If facilities for the procedure are available, medical thoracoscopy should be performed in patients with undiagnosed effusions because of its high diagnostic sensitivity in malignant and tuberculous pleural effusions. The tissue obtained will usually provide a higher yield of the positive TB cultures and determination of hormone receptors in breast cancer.

The application of medical thoracoscopy allows the simultaneous insufflation of talc powder, which currently offers the best results in pleurodesis. Further therapeutic advantages include complete fluid removal and evaluation of the re-expansion potential of the lung. Fibrinous loculations in TB and empyema can be easily removed, thus creating a single pleural cavity that can be treated more effectively.

Malignant Pleural Effusions

Malignant pleural effusions are the leading diagnostic and therapeutic indication for medical thoracoscopy.¹⁵ In a prospective intrapatient comparison in 208 patients, the diagnostic yield of medical thoracoscopy was 95% vs 62% for pleural fluid cytology and 44% for percutaneous needle biopsy. Medical thoracoscopy showed a significantly higher sensitivity (p < 0.001) than needle biopsy plus cytology, which were positive in 74%. All methods taken together were diagnostic in 97% of cases of malignant pleural effusions. These results have been confirmed by others.⁸

In our experience, there is no difference in the yield for the different types of malignant pleural effusions: 96% in 67 cases of lung carcinoma, 96% in 154 cases with extrathoracic primary tumors, and 92% in 66 cases with diffuse malignant mesothelioma.

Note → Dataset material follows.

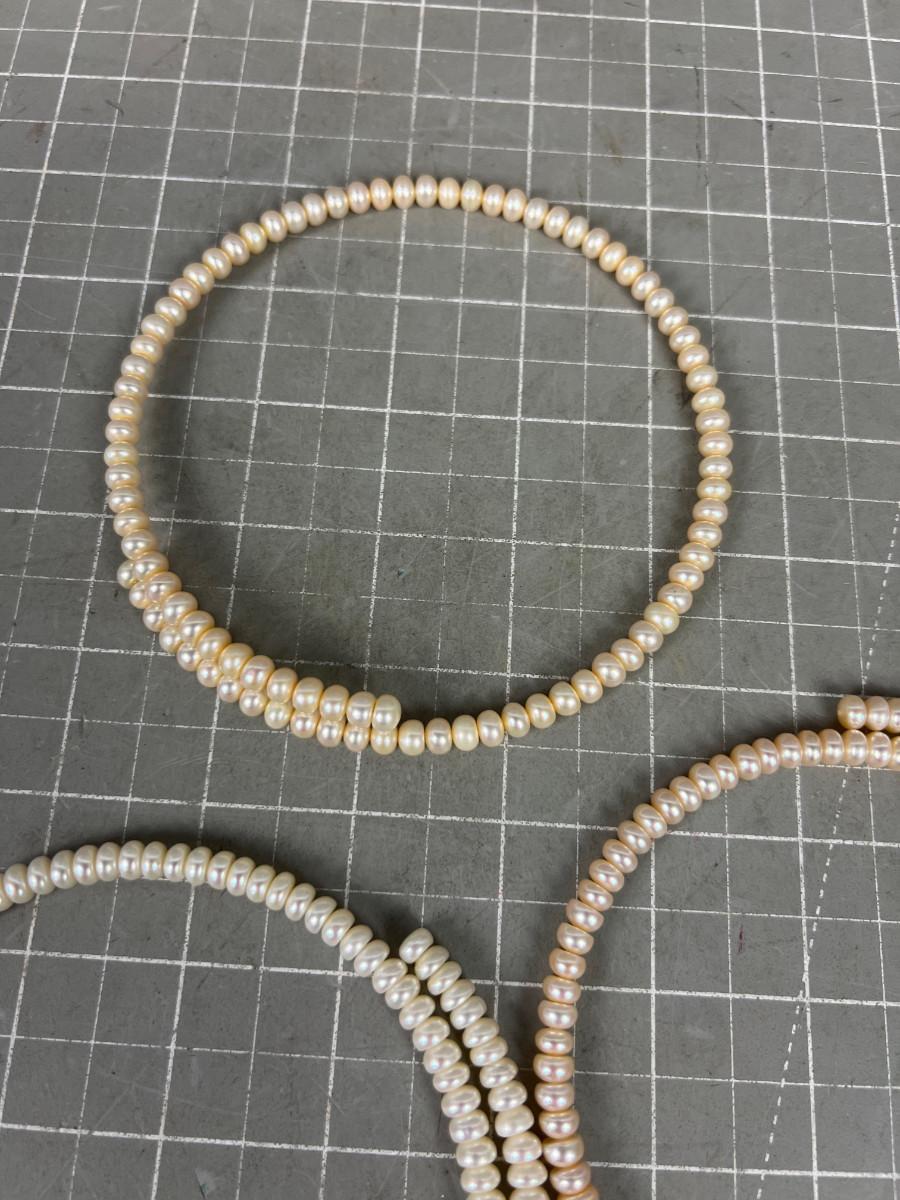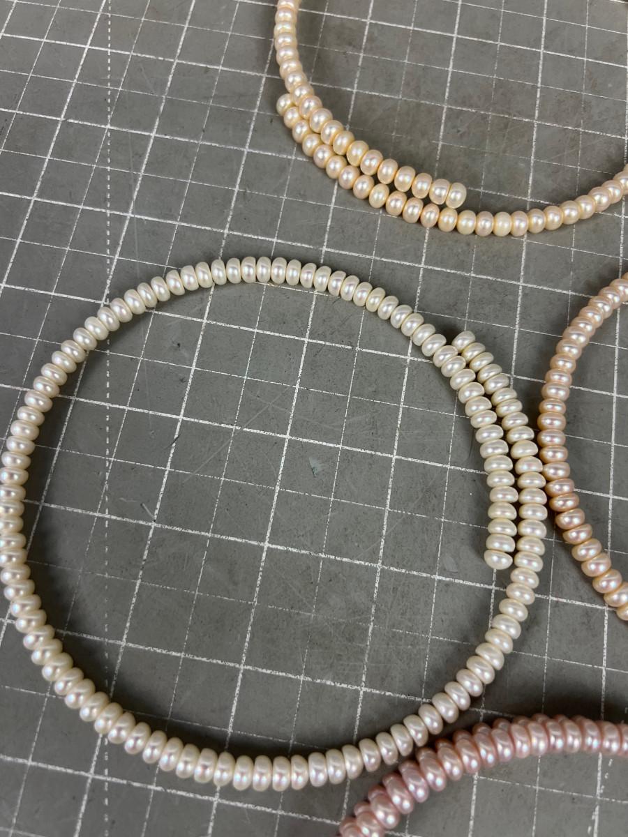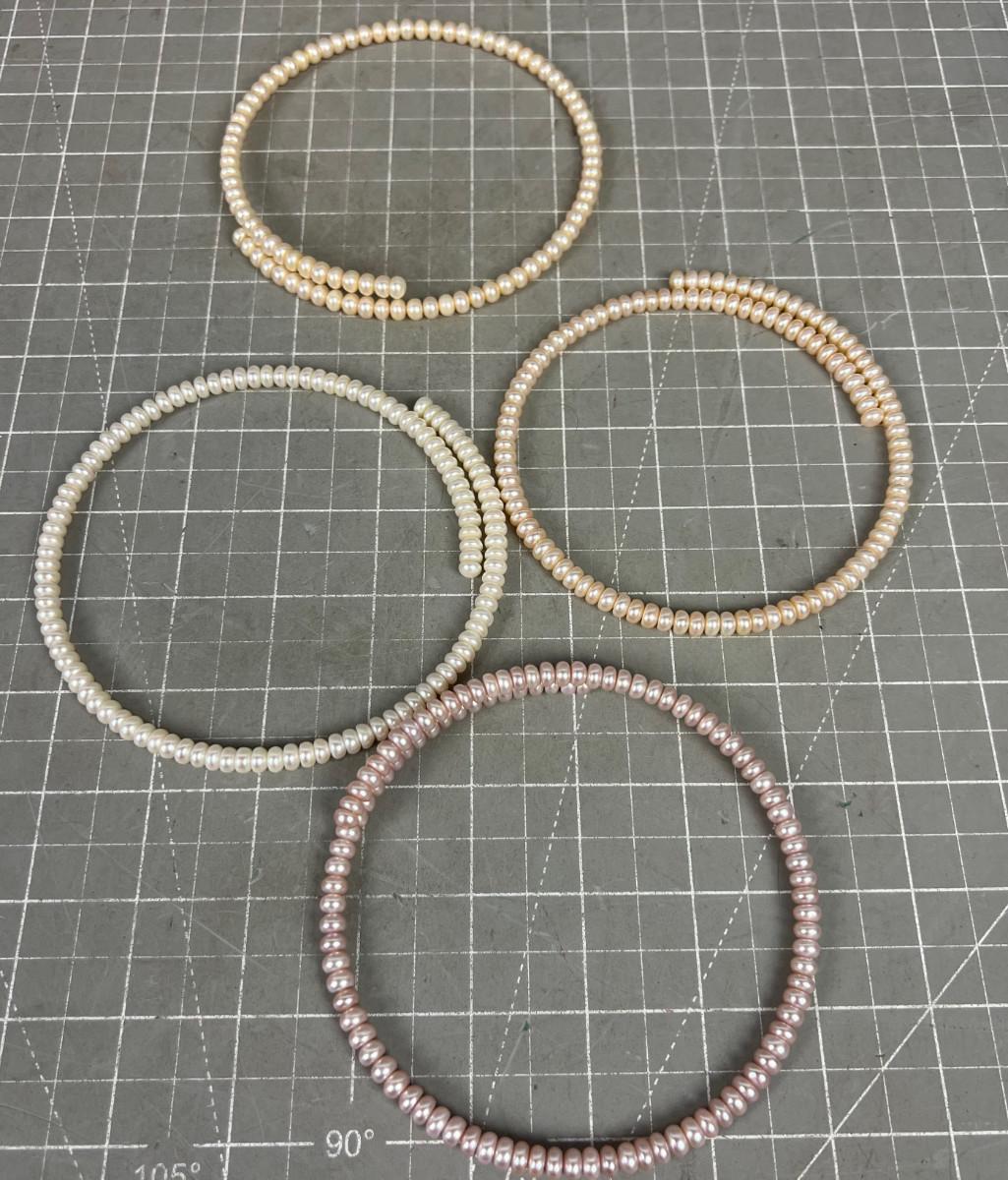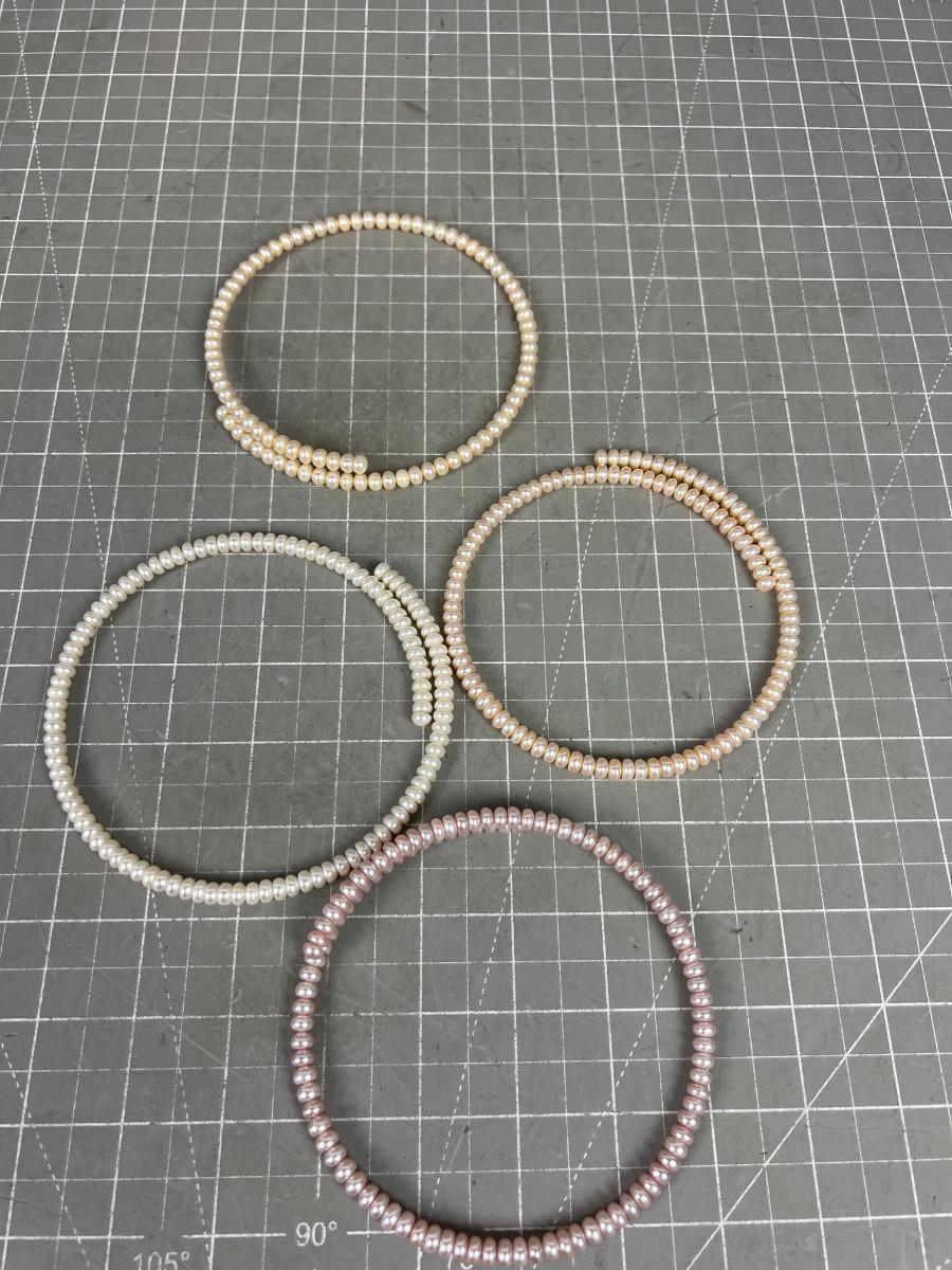 (4)Real Pearl Pearls on Wire No Clasp: Rose Amber and white

The reasons for false-negative thoracoscopy results include insufficient and nonrepresentative biopsies, the experience of the thoracoscopist, and the presence of adhesions, which deny access to neoplastic tissue.¹⁶

Medical thoracoscopy is helpful in the staging of lung cancer, diffuse malignant mesothelioma, and metastatic cancer. In the case of concomitant pleural effusion in lung cancer that otherwise appears resectable, medical thoracoscopy is indicated as a staging procedure to distinguish malignant from paramalignant effusion. The latter condition would allow for resection of the tumor; however, in 80 to 95% of the patients, the effusion is due to tumor spread and surgical cure is not possible. Thus, medical thoracoscopy can help avoid unnecessary thoracotomy.⁸

In diffuse malignant mesothelioma, medical thoracoscopy provides an earlier diagnosis, more precise histologic classification due to a larger, more representative biopsy, and more accurate staging.^17,18 This may have important therapeutic implications, as better responses to local immunotherapy or chemotherapy in stages I and II have been observed. Thoracoscopy is also helpful in the diagnosis of benign asbestos-related pleural effusion, which is a diagnosis of exclusion.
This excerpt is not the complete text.